The Economics of Testing in an Agentic World
There’s a resource angle here that Meta isn’t emphasizing but seems crucial. Running LLMs to generate tests on every PR isn’t free. Neither is executing those generated tests. But compare that cost to the human cost of writing, reviewing, and maintaining a traditional test suite, especially when AI is dramatically increasing the volume of code changes.
I suspect we’ll see a new category of tooling emerge around this. Companies will need infrastructure to manage LLM-generated test execution, aggregate results, tune the models to their specific codebases, and handle the occasional weird failure mode when the LLM misunderstands intent.
The false positive minimization is probably the make-or-break factor. If these tests cry wolf even 10% of the time, they’ll get ignored just like traditional flaky tests.
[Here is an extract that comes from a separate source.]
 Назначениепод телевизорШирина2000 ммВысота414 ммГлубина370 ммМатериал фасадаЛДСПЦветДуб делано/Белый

Meta claims they’ve solved this through “sophisticated techniques” and intent understanding, but I’d want to see real-world numbers from teams using this in production.
What happens when the LLM is just wrong about what you intended? Does it generate tests that validate incorrect behavior? How do you catch that without reviewing the generated test code, which defeats the whole purpose?
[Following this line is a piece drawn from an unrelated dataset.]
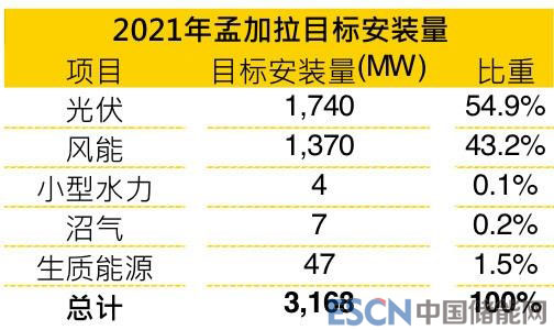 孟加拉政府在2021年愿景計(jì)劃(Vision 2021)中訂定3,168MW的再生能源目標(biāo)安裝量,屆時(shí)預(yù)計(jì)能滿足國(guó)內(nèi)10%的發(fā)電量,其中推動(dòng)的項(xiàng)目著重在光伏和風(fēng)力,兩者分別訂定1.74GW和1.37GW的目標(biāo)。
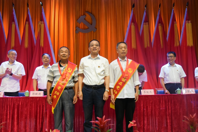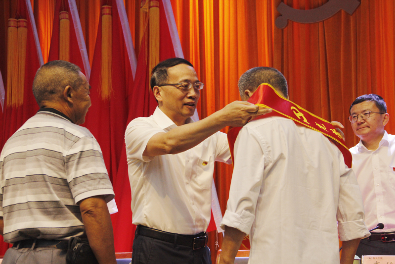 会上,王利琳为“光荣在党50年”老党员绶带并颁发纪念章。

Testing Theory Gets Rewritten
This really does feel like a paradigm shift, not just an incremental improvement. We’ve spent decades building up testing best practices, design patterns, frameworks, and philosophies. The idea that you could just… not maintain tests? That the tests themselves are disposable? It violates something fundamental about how I was taught to think about software quality.
But maybe that’s the point. Maybe the old mental models only made sense in the old constraints. When you have AI that can understand code and generate tests on demand, maintaining a permanent test suite starts to look like premature optimization.
I’m curious how this plays with other testing approaches. What about property-based testing? Mutation testing? Fuzzing? Do those become obsolete, or do they complement JiTTests by catching different categories of bugs?
The cultural shift might be harder than the technical one. Convincing engineers to trust auto-generated tests that aren’t reviewed and only run once feels like a tough sell. We’ve been trained to be paranoid about test quality, and for good reason. Letting an LLM handle that without human oversight requires a different kind of trust.
I keep coming back to this question: if we’re generating tests automatically based on code changes, and AI agents are writing the code changes, are we just watching two AIs have a conversation about whether code is correct while humans occasionally peek over their shoulders?